Die Stromerzeugung mittels Photovoltaik und Windenergie steht häufig im Wechsel. An Tagen, an denen die Sonne kaum scheint, ist es häufig windiger, sodass der verringerte Photovoltaikstrom per Windenergie kompensiert werden kann.

Was bringt die Zukunft?

Selbstverständlich wird der Anteil der erneuerbaren Energien weiterhin ausgebaut. Allerdings schreitet der Ausbau mittlerweile langsamer voran. Diesbezüglich bestehen Grenzen, weil z.B. geeignete Standorte für Windkraftanlagen knapp werden.

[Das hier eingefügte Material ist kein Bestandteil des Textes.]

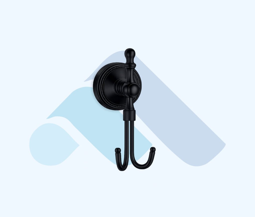 siyah kaplama çift kancalı tasarımı ile bornoz, havlu ve kişisel eşyalar için düzenli ve işlevsel bir kullanım sunar. Duvar üzerinde minimum alan kaplayarak maksimum verim sağlar.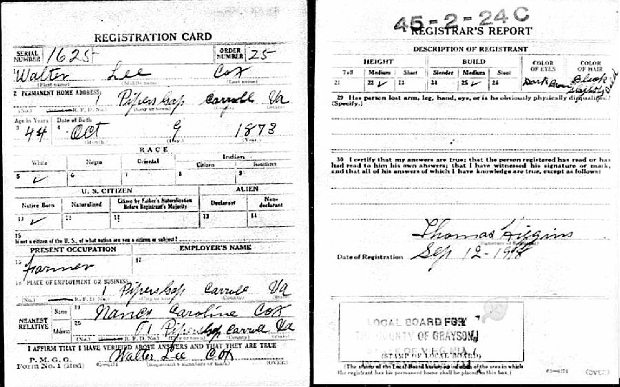 Notes for WALTER LEE COX:

Mehr Wachstum ist beim Photovoltaikstrom zu erwarten, insbesondere im privaten Sektor.

Allerdings ist auch dort eine Wende festzustellen. Mehr und mehr Verbraucher speisen ihren erzeugten Strom nicht mehr vollständig in die Netze ein, sondern verbrauchen einen Teil im eigenen Haushalt. Damit verbessern sie ihre eigene Versorgungssicherheit und folgen zugleich einem der großen Trends, der in den kommenden Jahren an Bedeutung gewinnen wird, nämlich die Speicherung von Elektrizität.

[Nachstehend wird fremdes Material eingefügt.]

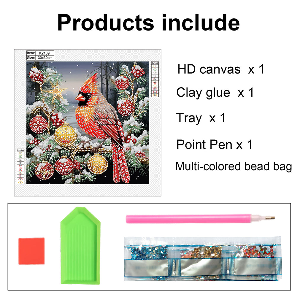 Diamond Painting - Partial Special Shaped - Christmas atmosphere cardinal (30*30CM)

Noch ist dieses Thema vergleichsweise jung bzw. fand es in früheren Jahren wenig Beachtung. Doch gerade weil der Anteil des Ökostroms zuletzt so rasant gestiegen ist, steigt der Bedarf nach Speicherlösungen. Entsprechend intensiv wird derzeit geforscht und auch die Anzahl der Testanlagen steigt.

Das Ziel bei der Entwicklung solcher Lösungen besteht vorrangig darin, Überkapazitäten aufzufangen und für später nutzbar zu machen. Angenommen an einem sonnigen Tag übersteigt die erzeugte Menge an Solarstrom die Nachfrage deutlich, so kann diese Energie gespeichert und zu einem späteren Zeitpunkt abgerufen werden.

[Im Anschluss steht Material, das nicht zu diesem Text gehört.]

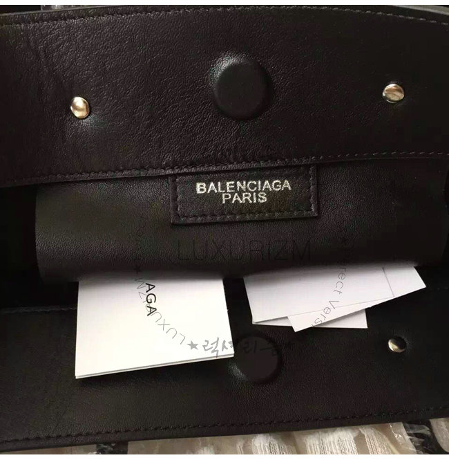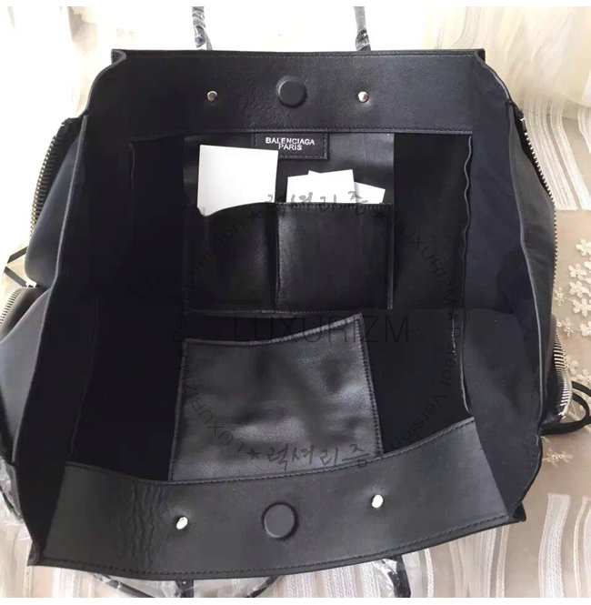 발렌시아가 로고가 새겨진 가죽 라벨 디테일의 내부 지퍼포켓

Warum kommt es zu Stromausfällen?

Tag für Tag kommt es im deutschen Stromnetz zur vorübergehenden Stromausfällen, in Summe sind dies tausende pro Jahr. Allerdings ist die große Mehrheit der Ausfälle nicht auf eine unzureichende Stromerzeugung zurückzuführen, sondern steht mit anderen Schwierigkeiten, wie z.B. technischen Defekten, in Verbindung.

Fazit

Die Energiewende hat die deutsche Stromlandschaft umfassend verändert, der Anteil an Ökostrom ist deutlich gestiegen. Versorgungsengpässe sind jedoch nicht absehbar, auch wenn die erneuerbaren Energien vom Wetter abhängig sind. Schließlich ist die Wetterabhängigkeit je nach Energieart eine andere. Zugleich ist es möglich, konventionelle Energien im Bedarfsfall intensiver zu nutzen und damit zusätzliche Versorgungssicherheit zu schaffen.